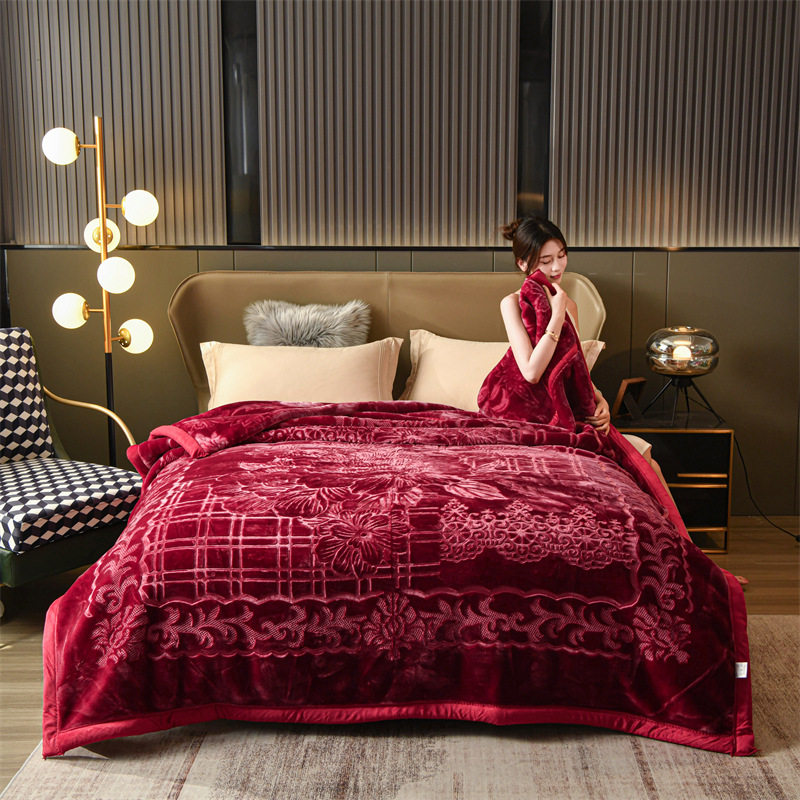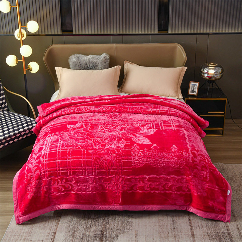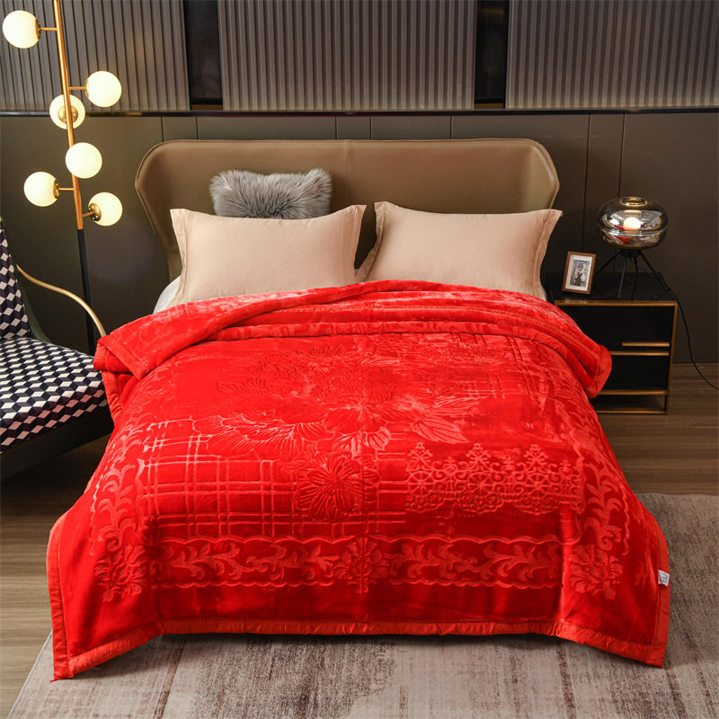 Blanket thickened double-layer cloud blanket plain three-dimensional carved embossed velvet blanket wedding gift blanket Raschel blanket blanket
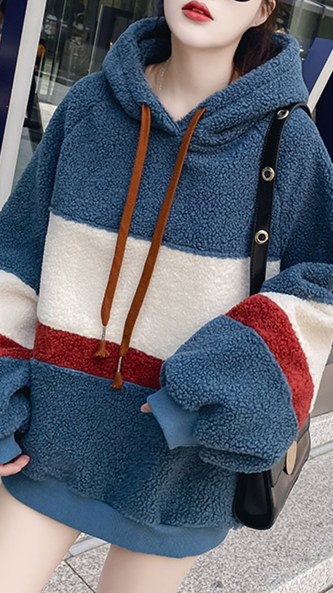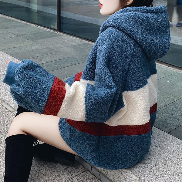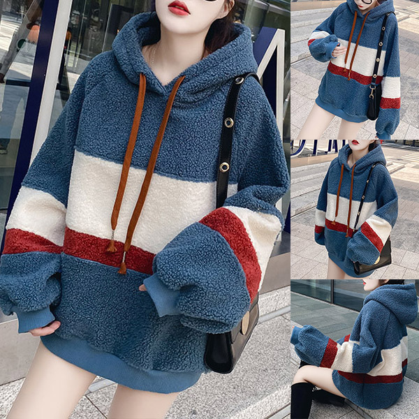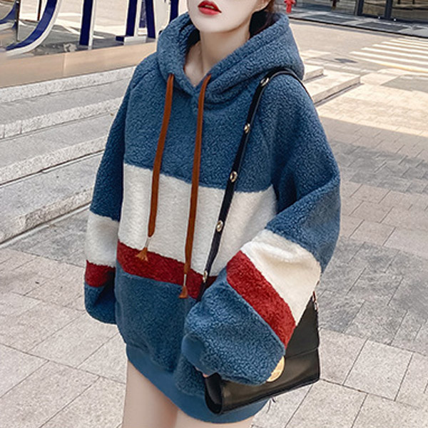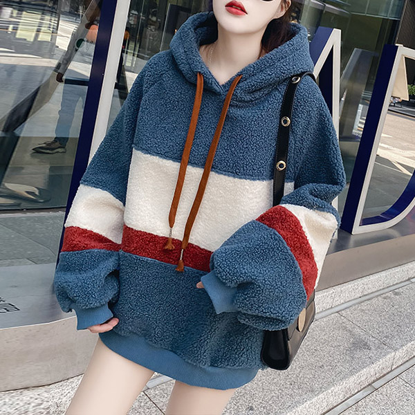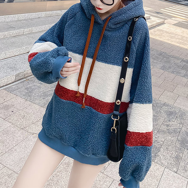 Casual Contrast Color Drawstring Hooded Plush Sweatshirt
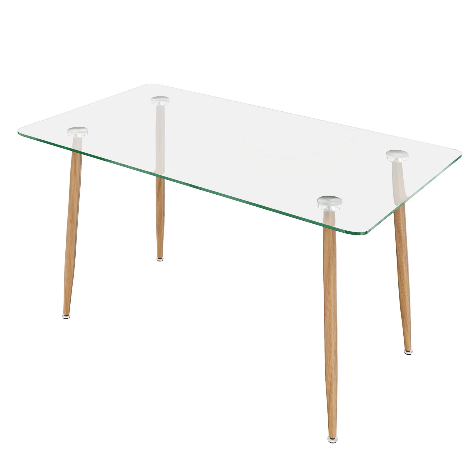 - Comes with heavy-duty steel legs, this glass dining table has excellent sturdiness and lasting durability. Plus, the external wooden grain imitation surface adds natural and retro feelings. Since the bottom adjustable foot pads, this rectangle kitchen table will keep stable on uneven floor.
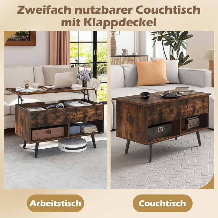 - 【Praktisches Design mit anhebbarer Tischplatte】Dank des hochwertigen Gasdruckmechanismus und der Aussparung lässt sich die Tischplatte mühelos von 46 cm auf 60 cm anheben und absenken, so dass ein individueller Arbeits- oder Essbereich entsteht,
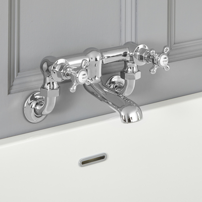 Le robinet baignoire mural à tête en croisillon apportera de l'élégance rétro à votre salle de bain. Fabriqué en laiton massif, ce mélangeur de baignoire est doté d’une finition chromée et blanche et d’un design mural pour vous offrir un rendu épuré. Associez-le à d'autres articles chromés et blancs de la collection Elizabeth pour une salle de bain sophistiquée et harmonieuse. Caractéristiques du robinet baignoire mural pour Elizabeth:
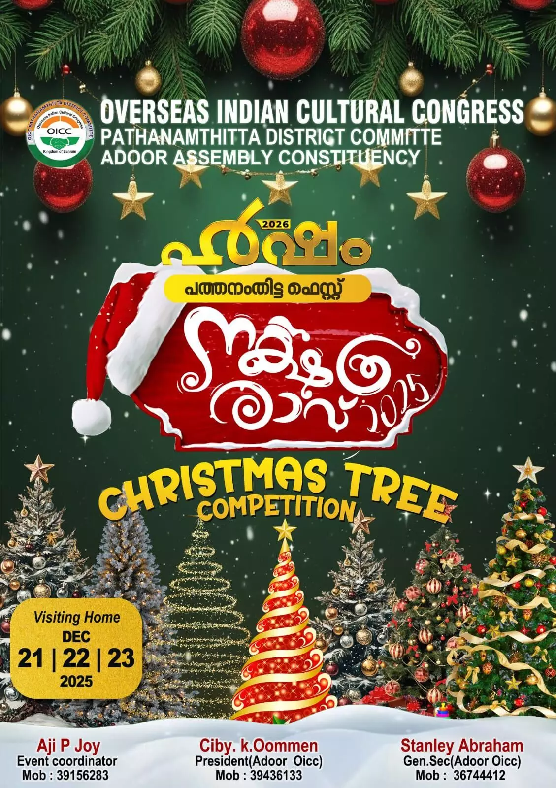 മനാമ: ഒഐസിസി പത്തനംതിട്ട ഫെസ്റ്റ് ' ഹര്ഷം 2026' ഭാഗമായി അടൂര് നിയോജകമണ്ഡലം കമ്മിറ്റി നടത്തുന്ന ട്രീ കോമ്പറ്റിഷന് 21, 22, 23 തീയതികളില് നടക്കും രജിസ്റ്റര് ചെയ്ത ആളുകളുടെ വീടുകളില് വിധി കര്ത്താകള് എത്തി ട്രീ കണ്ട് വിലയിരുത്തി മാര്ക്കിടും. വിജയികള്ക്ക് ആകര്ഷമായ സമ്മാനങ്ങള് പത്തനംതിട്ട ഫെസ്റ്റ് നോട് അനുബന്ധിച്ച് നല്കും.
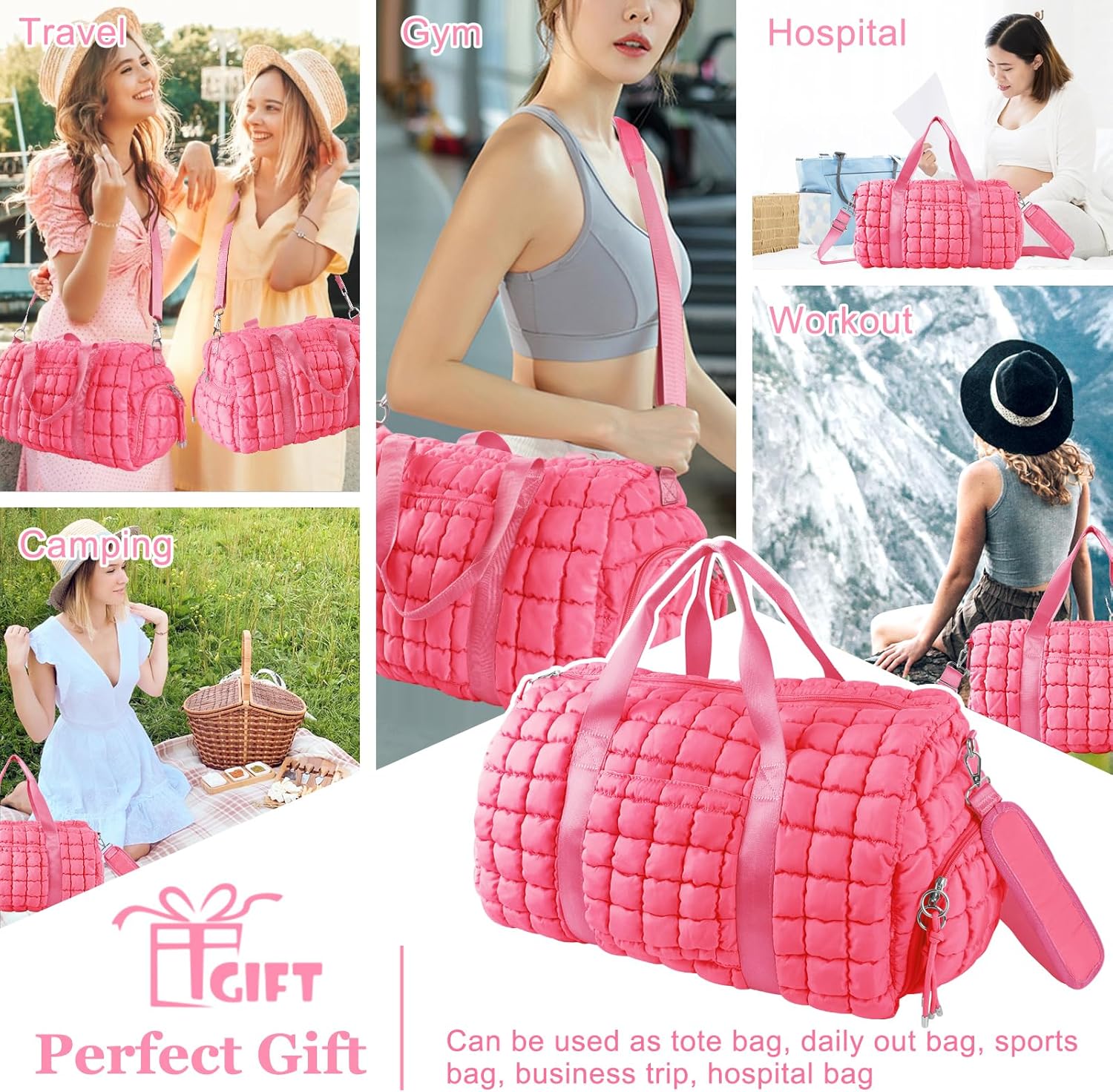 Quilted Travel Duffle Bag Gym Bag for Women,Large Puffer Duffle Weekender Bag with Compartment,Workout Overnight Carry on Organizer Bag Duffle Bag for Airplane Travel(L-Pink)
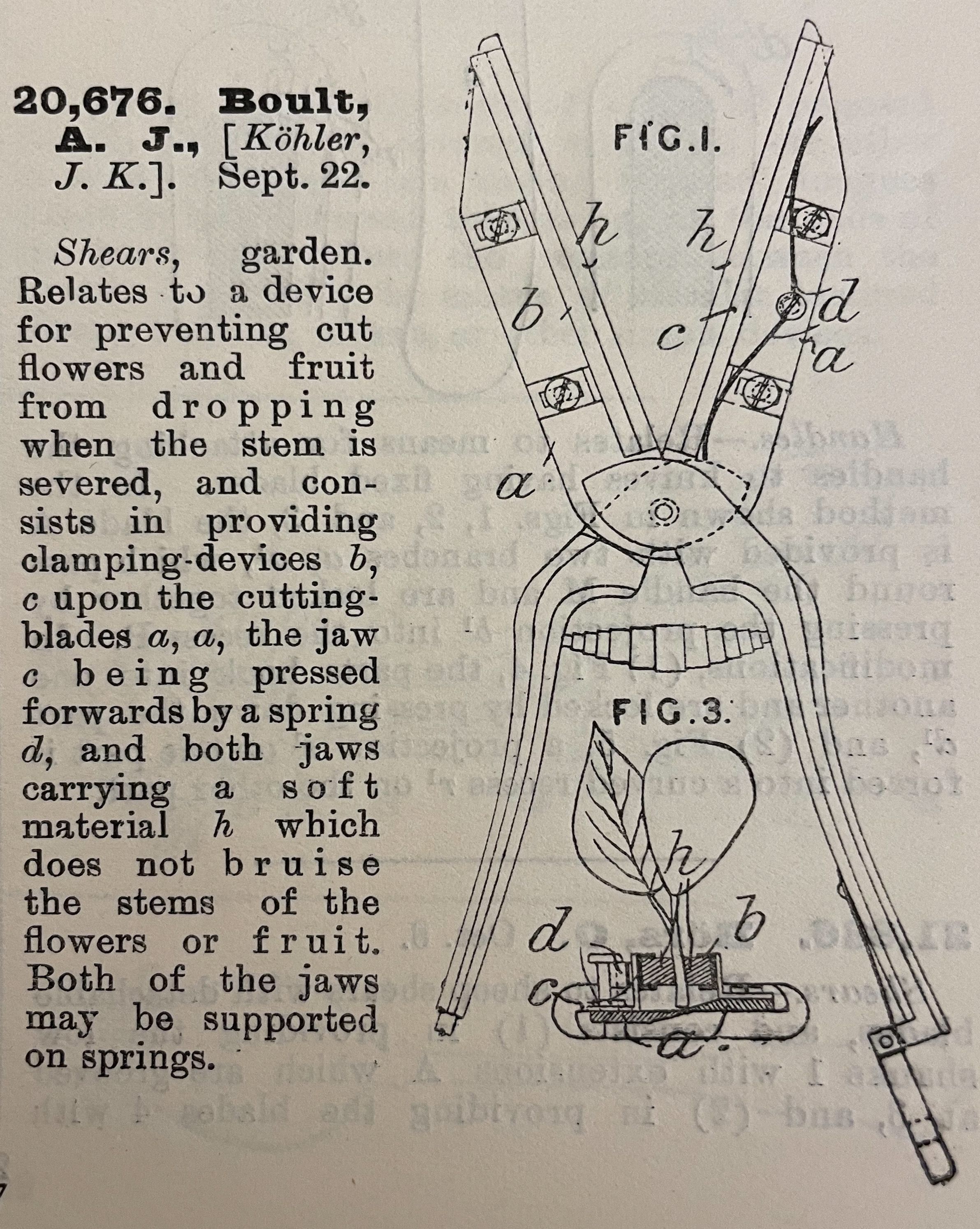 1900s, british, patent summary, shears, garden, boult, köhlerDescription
=======
> Work to complete
Write out exactly the lines that run from the one containing "മനാമ: ഒഐസിസി പത്തനംതിട്ട" to the last line of the entries above, both ends kept, pictures left out.

> Exercise response
 മനാമ: ഒഐസിസി പത്തനംതിട്ട ഫെസ്റ്റ് ' ഹര്ഷം 2026' ഭാഗമായി അടൂര് നിയോജകമണ്ഡലം കമ്മിറ്റി നടത്തുന്ന ട്രീ കോമ്പറ്റിഷന് 21, 22, 23 തീയതികളില് നടക്കും രജിസ്റ്റര് ചെയ്ത ആളുകളുടെ വീടുകളില് വിധി കര്ത്താകള് എത്തി ട്രീ കണ്ട് വിലയിരുത്തി മാര്ക്കിടും. വിജയികള്ക്ക് ആകര്ഷമായ സമ്മാനങ്ങള് പത്തനംതിട്ട ഫെസ്റ്റ് നോട് അനുബന്ധിച്ച് നല്കും.
 Quilted Travel Duffle Bag Gym Bag for Women,Large Puffer Duffle Weekender Bag with Compartment,Workout Overnight Carry on Organizer Bag Duffle Bag for Airplane Travel(L-Pink)
 1900s, british, patent summary, shears, garden, boult, köhlerDescription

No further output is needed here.